Introduction to Machine Learning + Algorithms

Machine learning algorithms attempt to dig out the hidden laws from a large amount of historical data and use them for regression (prediction) or classification. In a broad sense, machine learning is a method that can give machine learning capabilities so that it can perform functions that cannot be accomplished by direct programming; but in a practical sense, machine learning is a method that uses data to train models. , and then use a method of model prediction.

1. Classification of machine learning

According to learning theory, machine learning models can be divided into supervised learning, semi-supervised learning, unsupervised learning, transfer learning and reinforcement learning:

Supervised learning is training samples with labels, which are divided into two parts: regression and classification;

Semi-supervised learning is that the training samples are partially labeled and partially unlabeled;

Unsupervised learning is training samples without labels;

Migration learning is to migrate the trained model parameters to the new model to help the new model training;

Reinforcement learning is a learning optimal strategy, which allows the ontology (agent) to act according to the current state in a specific environment, so as to obtain the maximum reward. The biggest difference between reinforcement learning and supervised learning is that each decision of reinforcement learning is not right or wrong, but hopes to get the most cumulative rewards.
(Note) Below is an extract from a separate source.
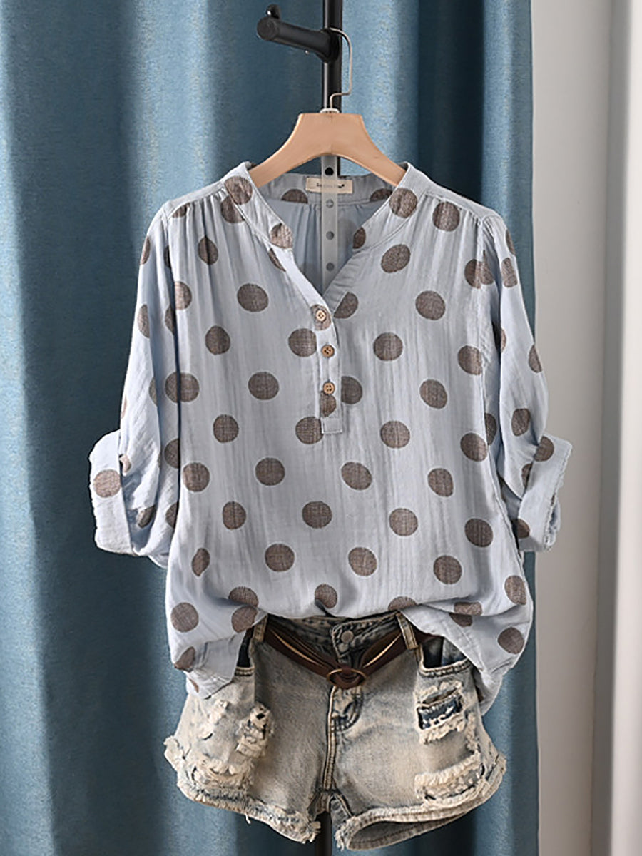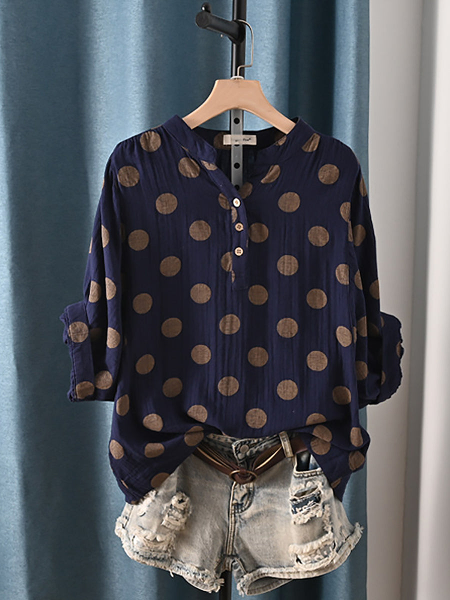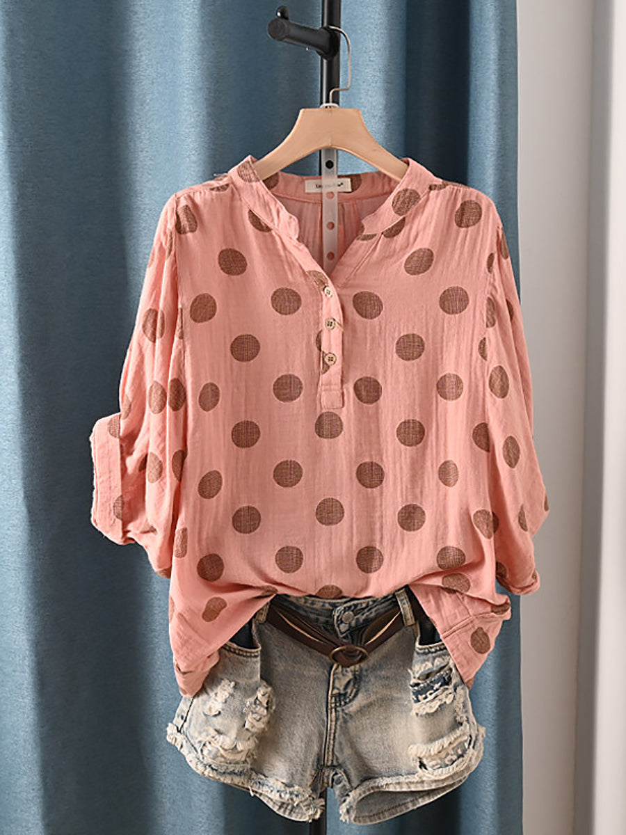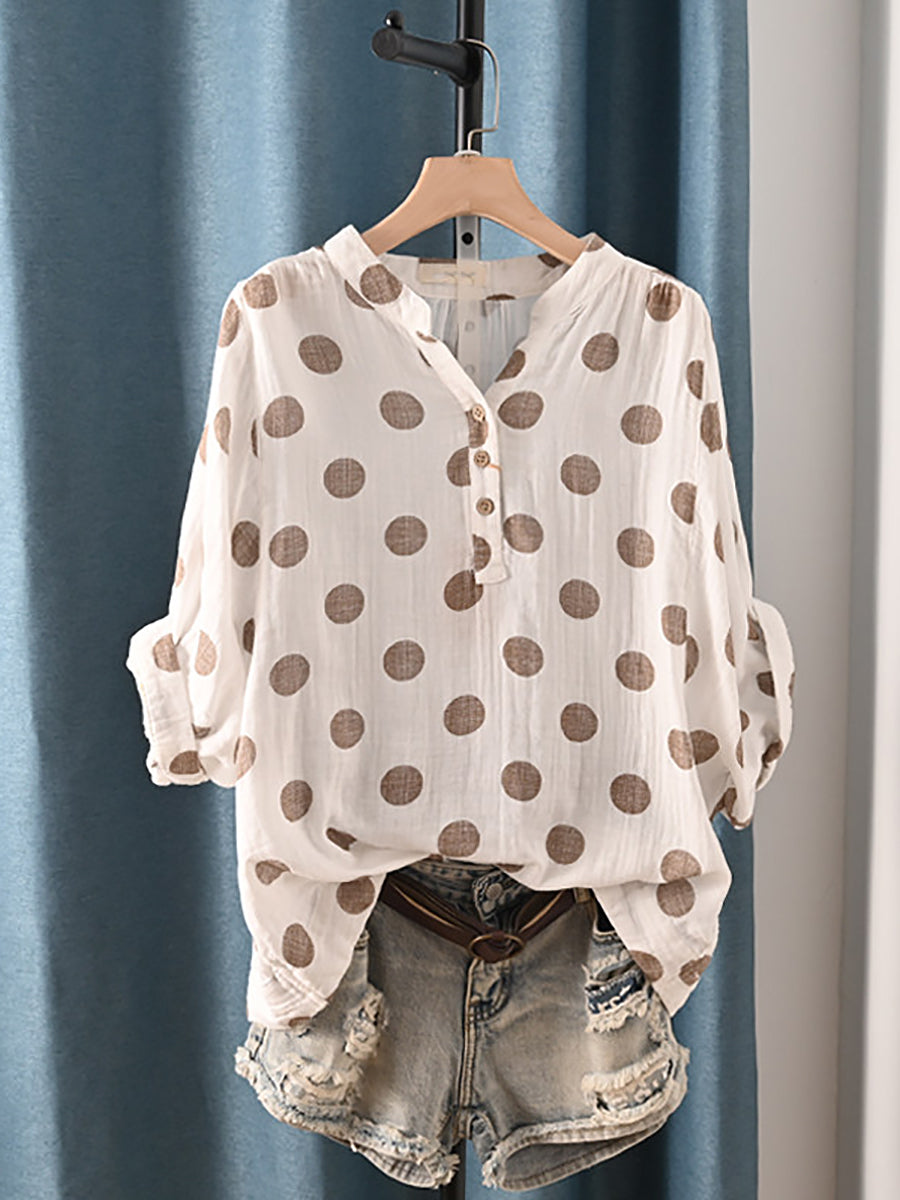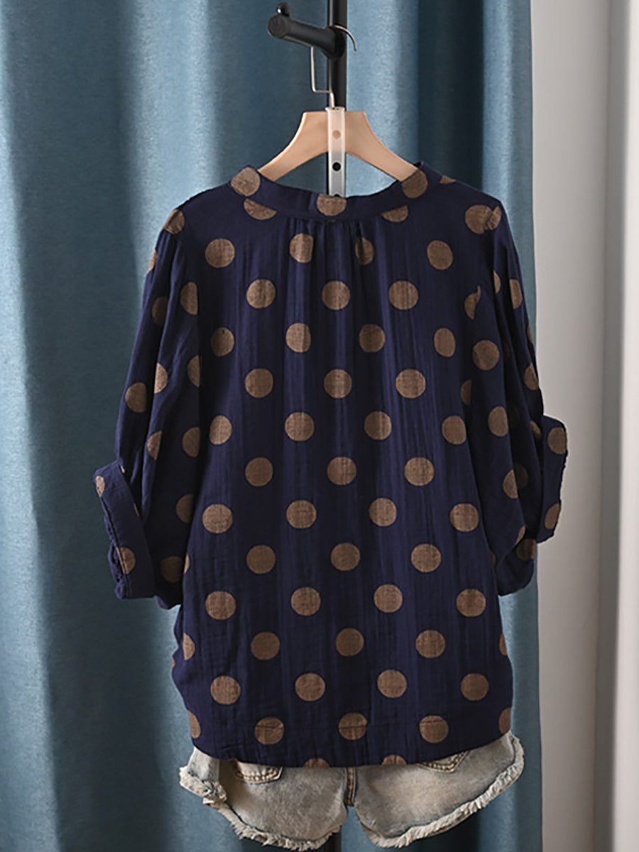 Women Summer Casual Dot 100%Cotton Blouse

2. Introduction to Machine Learning Algorithms

1. Regression algorithm

Regression algorithms include linear regression and logistic regression.
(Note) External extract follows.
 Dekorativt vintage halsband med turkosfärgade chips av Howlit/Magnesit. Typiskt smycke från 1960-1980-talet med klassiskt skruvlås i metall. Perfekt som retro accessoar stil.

The general idea of ​​linear regression is how to fit a straight line that best fits all of our data? Generally, the "least square method" is used to solve the problem, and the least square method transforms the optimal problem into the problem of finding the extreme value of the function. In mathematics, we generally use the method of finding the derivative to be 0, but this method is not suitable for computers, and may not be solved, or the calculation may be too large. Therefore, the "gradient descent method" and "Newton method" are proposed to deal with the problem of solving the extreme value of the function.
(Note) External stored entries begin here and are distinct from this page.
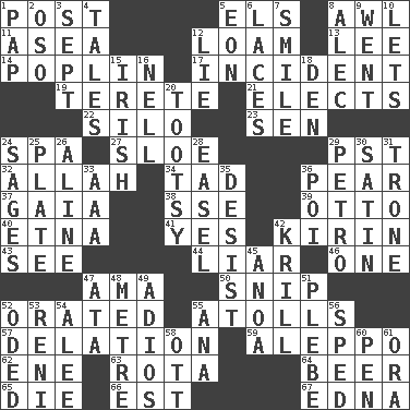 ACROSS 1. Mail 5. Raised railways 8. Leather borer 11. At sea 12. Rich soil 13. Area sheltered from the wind 14. Cotton for raincoats, e.g. 17. Event 19. Cylindrical with tapered ends 21. Opts 22. Grain storage tower 23. Elected rep. 24. Health resort 27. _ gin 29. Pacific Standard Time (abbr.) 32. Assad's deity 34. Small amount or degree 36. Lightbulb-shaped fruit 37. Greek goddess of the earth (variant) 38. Compass dir. 39. "Beetle Bailey" pooch 40. Inactive volcano in Sicily 41. Consenting reply 42. Japanese brewing company 43. Perceive with the eye 44. One who doesn't tell the truth 46. Single 47. Nanny (var.) 50. Sever or remove by pinching or nipping 52. Declaimed 55. Ringlike coral islands and reefs 57. Conveyance 59. City in Syria 62. Compass dir. 63. Round or rotation of duties 64. Fermented drink made from hops 65. Expire 66. Eastern Standard Time (abbr.) 67. Pulitzer Prize-winning author Ferber DOWN 1. Infant food 2. Bear (Spanish) 3. Back-to-school mo. 4. Stories 5. A really long time 6. Shoestrings 7. Grin 8. Actor Baldwin 9. Gone 10. Allows 12. Untruth 15. From or relating to Ireland 16. 1994 drama film starring Jodie Foster 18. Lair 20. Tootsie (variant) 24. Gurus 25. Food holder 26. Place in a line 28. Artist's stand 29. Stone: prefix 30. Smooth fabric 31. Heavy duty weighing machine 33. American Automobile Association (abbr.) 35. Cease 36. Luau course 42. Shrimp-like planktonic crustaceans 45. Small Philippine buffalo 47. _ moment's notice (2 wds.) 48. Distance measurement (Brit.) 49. Goodbye (Sp.) 51. Military trainee 52. Wrote a lyric poem 53. Painter Guido (1575-1642) 54. Toward shelter 55. Santa ___, CA 56. Hurried 58. Baseball player Mel 60. Writing instrument 61. Mouth or opening
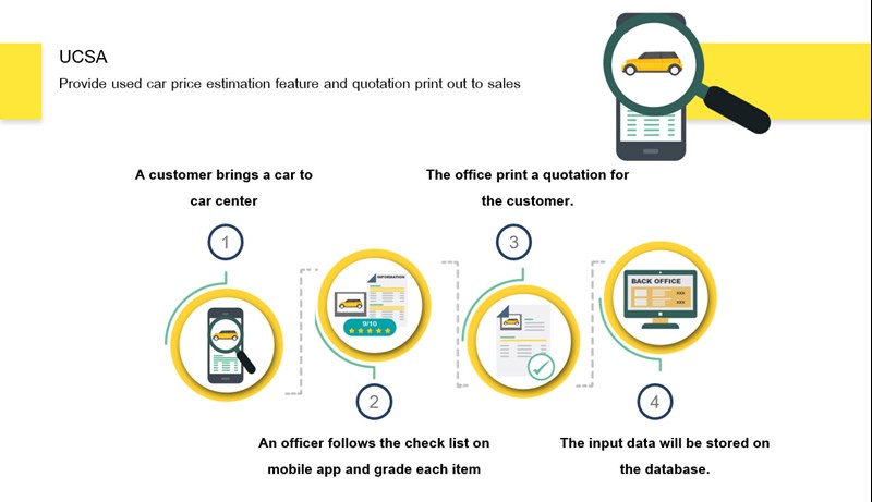 พัฒนาแอปพลิเคชันบนมือถือสำหรับงานขาย เพื่อบันทึกรายละเอียดการตรวจสภาพรถ ประเมินราคารถยนต์มือสอง และสร้างแบบฟอร์มใบเสนอราคาได้ทันที
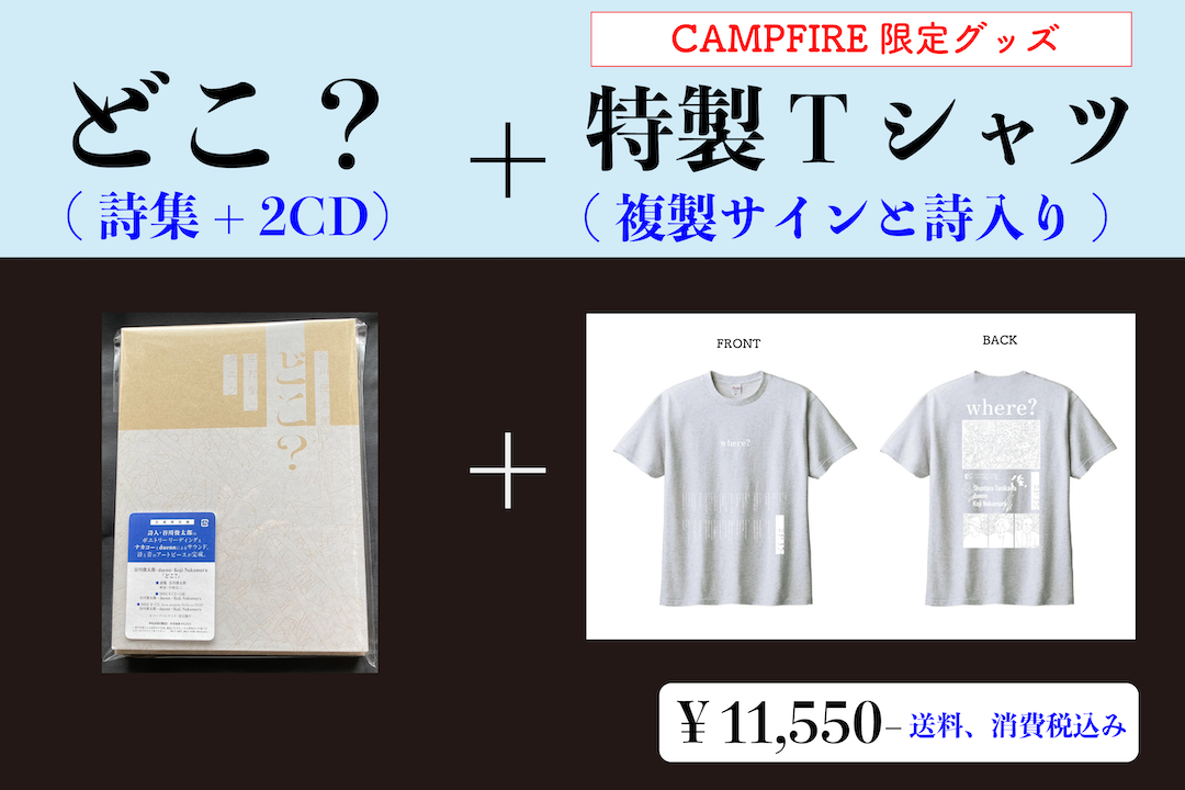 複製サインと"どこ"の詩がデザインされたオリジナルTシャツ+『どこ?』(詩集+2CD)のセットです。
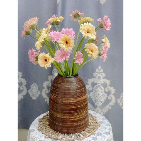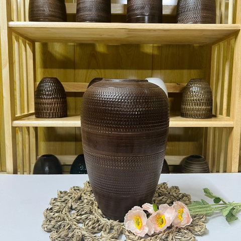 BÌNH CẮM HOA BÁT TRÀNG, DÁNG CHUM CAO 30CM , MEN NÂU GANH TAY MỘC MẠC - CHIPXINHXK
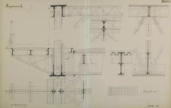 Karl Hübler wurde 1898 zum Regierungsbaumeister bei der Wasser- und Straßenbauverwaltung in Mannheim ernannt. Er war ab 1921 Ehrendoktor an der Ingenieurschule der Technischen Hochschule in Karlsruhe "in Anerkennung seiner hervorragenden Leistungen auf dem Gebiet des Erd-, Tunnel- und Wasserbaus". (s. Deutsche Bauzeitung, Bd. LV, S. 430) Hübler war zudem als Direktor des Mannheimer Bauunternehmens Grün und Bilfinger tätig. - Der erste Band mit 10 überwiegend doppelblattgroßen Entwürfen umfasst insbesondere Konstruktionszeichnungen für Eisenbahn- und Straßenbrücken aus Stahl mit Darstellungen von Grundrissen, Querschnitten, statischen Diagrammen und Eisenbahnweichen. Darunter auch eine großformatige Zeichnung auf drei Blättern mit dem Entwurf eines Trennungsbahnhofs. Der zweite Band mit 11 Zeichnungen befasst sich mit dem Entwurf einer Stauanlage und dem einer Flusskorrektion und enthält Darstellungen von Wehren, Schleusen, Längenprofilen etc. - Die Zeichnungen meist mit Maßstäben und Inschriften, überwiegend signiert und datiert. - Teils etwas fleckig, eine Zeichnung stärker. Papierbedingt etwas gebräunt. Insgesamt sehr gut erhaltene und historisch interessante Sammlung.

Logistic regression is similar to linear regression, but linear regression deals with numerical problems, that is, the final predicted result is a number; while logistic regression belongs to a classification algorithm, that is, the predicted result of logistic regression is a discrete classification, such as judging this letter Whether the message is spam, whether the user will click on the ad, etc.

2. SVM (Support Vector Machine)

SVM is a supervised learning algorithm.

In a sense, SVM is an enhancement of the logistic regression algorithm.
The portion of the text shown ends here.